Adaptação Científica:

Dr. Nuno Ferreira

Validação Científica:

Prof. Carla Rolanda

O que é?

A vesícula biliar armazena a bílis no intervalo das refeições e, nessa altura, liberta-a para o intestino delgado para ajudar a digerir os alimentos. As vias biliares são pequenos tubos de drenagem que transportam a bílis (uma mistura de colesterol, ácidos, sais e produtos residuais) do fígado para a vesícula biliar e desta para o duodeno. Diversas doenças podem afectar as vias biliares provocando, de alguma forma, a sua obstrução, motivo pelo qual doenças diferentes causam sintomas semelhantes.

Os cálculos biliares são a causa mais comum de obstrução das vias biliares. Os cálculos formam-se habitualmente no interior da vesícula biliar e podem obstruir a via biliar principal, um tubo de drenagem situado na base do fígado. Se o canal permanecer obstruído, a bílis pode acumular-se no sistema de canais biliares e na circulação sanguínea. Além disso, se se acumularem bactérias a montante da obstrução e se estas refluírem para o fígado, pode originar-se uma infecção grave denominada colangite ascendente. Se um cálculo biliar ficar parado entre a vesícula biliar e a via biliar principal, pode ocorrer uma inflamação da vesícula biliar denominada colecistite.

Os cancros das vias biliares (colangiocarcinomas) e as estenoses (cicatrizes que estreitam os canais depois da ocorrência de uma infecção, uma cirurgia ou uma inflamação) constituem causas menos comuns de obstrução das vias biliares.

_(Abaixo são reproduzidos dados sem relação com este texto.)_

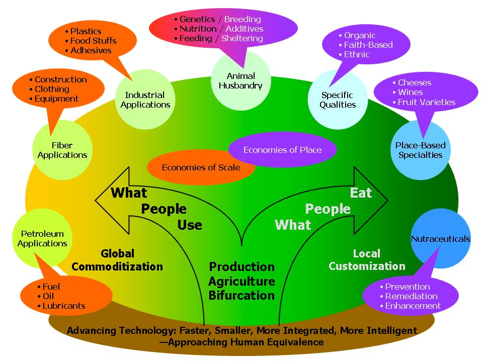 In the diagram above, the combination of technologies that are faster, smaller, more integrated, and more intelligent fuels a bifurcation in production agriculture. Agricultural practices that yield what people use in petroleum, fiber, and industrial applications take advantage of economies of scale and promote globalization and commoditization. Meanwhile, those agricultural practices that result in what people eat such as nutraceuticals, place-based specialties, food with specific qualities (organic, faith-based, ethnic), and livestock, leverage economies of place and tend toward localization and customization.

Outras doenças das vias biliares são raras e incluem a colangite esclerosante primária e a cirrose biliar primária. Estas doenças, que são habitualmente diagnosticadas nos adultos de meia-idade, criam uma inflamação persistente das paredes das vias biliares, o que pode provocar estreitamento e cicatrizes das paredes. A colangite esclerosante primária é mais comum nos homens e em 75% das vezes é observada em pessoas com uma doença inflamatória intestinal (colite ulcerosa ou doença de Crohn). A cirrose biliar primária é mais comum nas mulheres e encontra-se, por vezes, associada a doenças auto-imunes, tais como a síndrome de Sjögren, a tiroidite, a esclerodermia ou a artrite reumatóide.

A atrésia biliar é uma forma rara de obstrução das vias biliares que ocorre em alguns bebés, 2 a 6 semanas após o nascimento, numa altura em que as vias biliares ainda não completaram o seu desenvolvimento normal.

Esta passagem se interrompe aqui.